For years, David Frum was one of the most eloquent voices for the sober case against same-sex marriage. He now says he was wrong because the hysterical case against same-sex marriage has not been borne out by the facts. For it was only the hysterical opponents of same-sex marriage who believed that the mere sight of gays standing before a Unitarian minister or a justice of the peace would cause heterosexuals to divorce their spouses en masse.
Just six states plus the District of Columbia have same-sex marriage, none for more than seven years. With minor variations, those marriages are not recognized by the other 44 states or the federal government. Until fairly recently, same-sex marriage looked reversible either by federal action or popular vote in every one of those jurisdictions (it still might be reversed in Iowa, as it was in California and Maine). Same-sex marriage has yet to prevail on any state ballot. Only about 100,000 official same-sex weddings had taken place by 2008, according to the Census Bureau.
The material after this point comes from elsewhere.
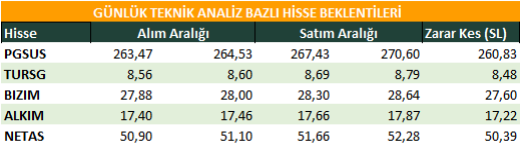 Günlük Teknik Analiz Bazlı Hisse Beklentileri
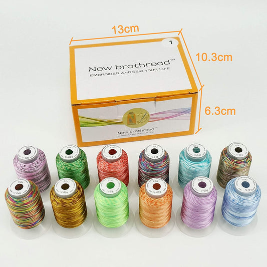 12 Colors Variegated Polyester Embroidery Machine Thread Kit 500M (550Y) Each Spool for Brother Janome Babylock Singer Pfaff Bernina Husqvaran Embroidery and Sewing Machines-Assortment1

Even Vermont, which has been experimenting with unisex marriage the longest, has only had full same-sex marriage -- as opposed to civil unions -- for two years.
These numbers are really a sufficient test case for what would happen with same-sex marriage throughout the United States? Are they a powerful enough force to overwhelm every other trend in American family life during the 2000s? Does anyone really suppose that the concept of marriage that has existed for the majority of Western civilization would immediately be undone by a few unisex wedding ceremonies and "Party A meets Party B" marriage license applications over a decade? Is this really conclusive evidence?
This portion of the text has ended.